Hollow carbon nanosphere embedded with ultrafine Fe3O4 nanoparticles as high performance Li-ion battery anode

- Hollow carbon nanospheres embedded with ultrafine Fe3O4 nanoparticles (Fe3O4@HCNS) were synthesized.
- The Fe3O4@HCNS exhibited high reversible capacity, excellent cycling stability and high-rate capability.
- The ultrafine Fe3O4 NPs ensured small volume change and shorten the path of Li ions intercalation.
- The mesoporous HCNS alleviated the volume change and protected the ultrafine Fe3O4 NPs from aggregation.

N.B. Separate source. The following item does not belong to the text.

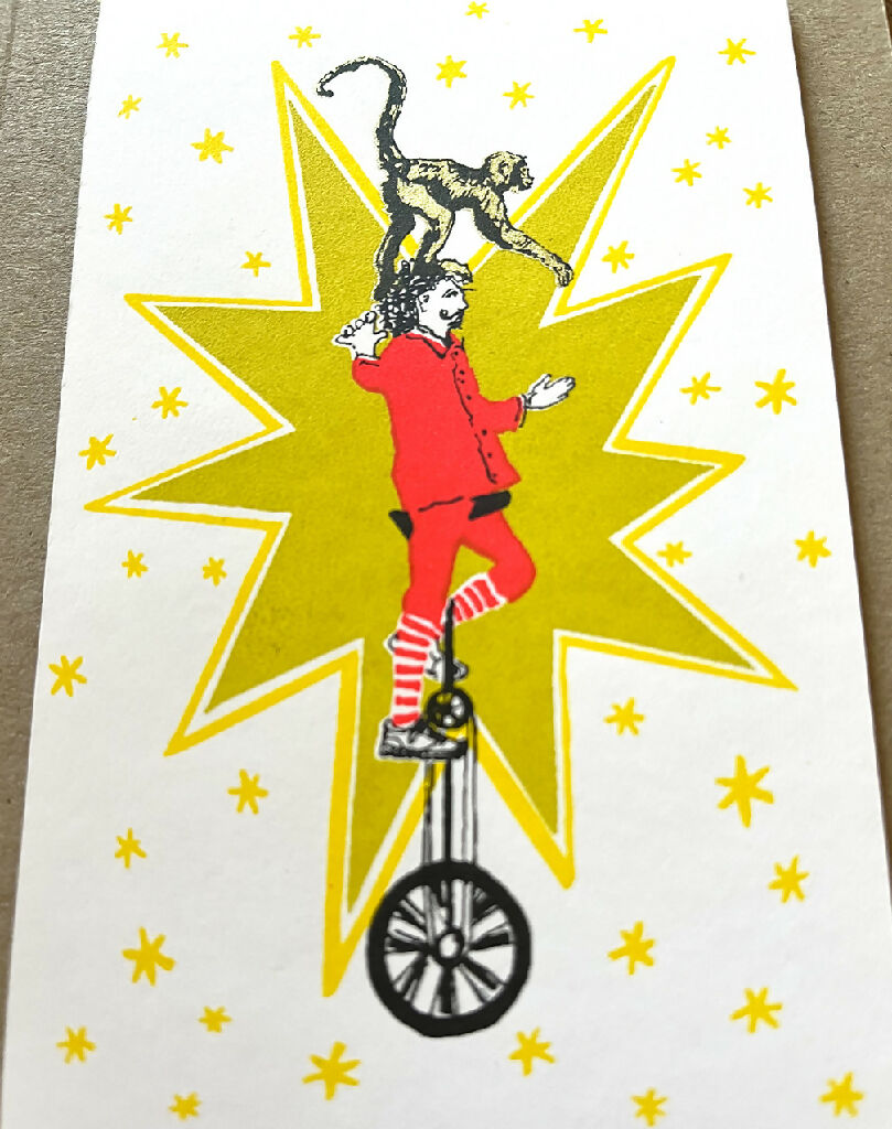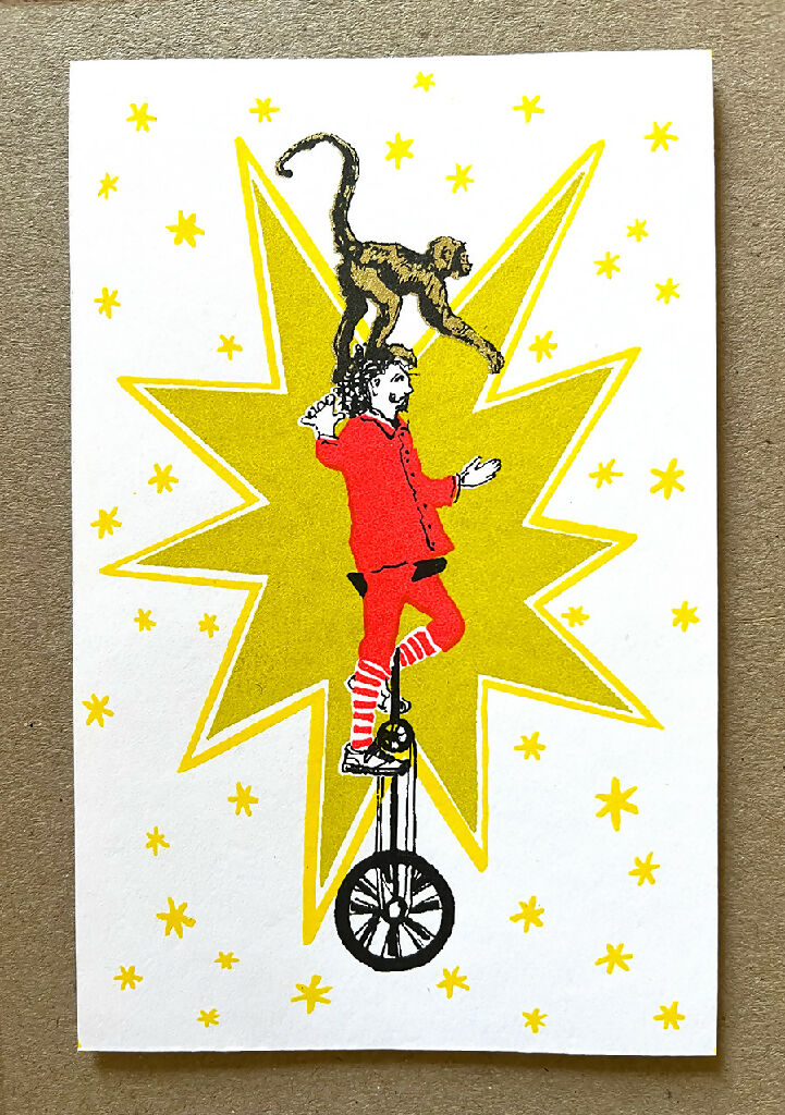 Hand screenprinted circus themed greetings card with 5 colours , including shiny gold featuring a monkey and unicyclist.. The card is a ‘mini print’ which is stuck on to a recycled Kraft card back. The print is slightly raised from the card backing.
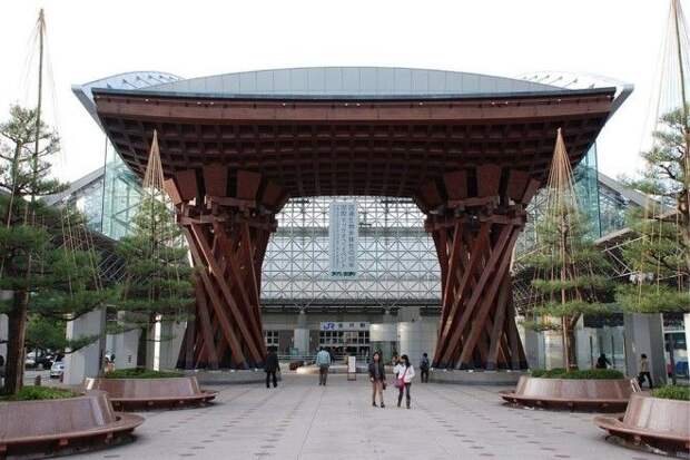 Этот вокзал в японском городе Канадзава является самым старым вокзалом страны — впервые он принял пассажиров еще в 1851 году. Вокзал в том виде, в котором мы можем наблюдать его сегодня, был открыт в 2005 году. Его архитектурный облик вызвал неоднозначную реакцию у местных жителей, которые считали, что подобное смешение традиционной японской архитектуры и футуристичного дизайна выглядит некрасиво. Но туристы думали иначе, поэтому вокзал Канадзава за очень короткий срок стал весьма популярным среди иностранцев. Как и в любом японском здании, здесь пришлось решать проблему экономии пространства, поэтому платформы, которых на вокзале семь, расположены на разных уровнях — одна под другой. Главные ворота вокзала сделаны из дерева, обработанного вручную, а под стеклянной крышей помимо залов ожидания, касс, камер хранения и железнодорожных платформ есть небольшой сад с традиционными для этой местности растениями и множеством фонтанов.

Hollow carbon nanospheres embedded with ultrafine Fe3O4 nanoparticles (Fe3O4@HCNS) were synthesized by using carboxyl functionalized polystyrene latexes as template and poly dopamine as carbon precursor. The ultrafine Fe3O4 nanoparticles (NPs) had a small size of 3 ∼ 5 nm and the HCNS had a thin shell thickness of 15 nm in the Fe3O4@HCNS. As a promising anode material for lithium-ion batteries, the Fe3O4@HCNS exhibited high reversible capacity, excellent cycling stability (1380 mA h g−1 after 200 cycles at 1 A g−1) and high-rate capability (475 mA h g−1 at 5 A g−1, 290 mA h g−1 at 10 A g−1). The outstanding performance was attributed to the unique structure of the Fe3O4@HCNS, which greatly shorten the path of Li ions intercalation during charging and discharging.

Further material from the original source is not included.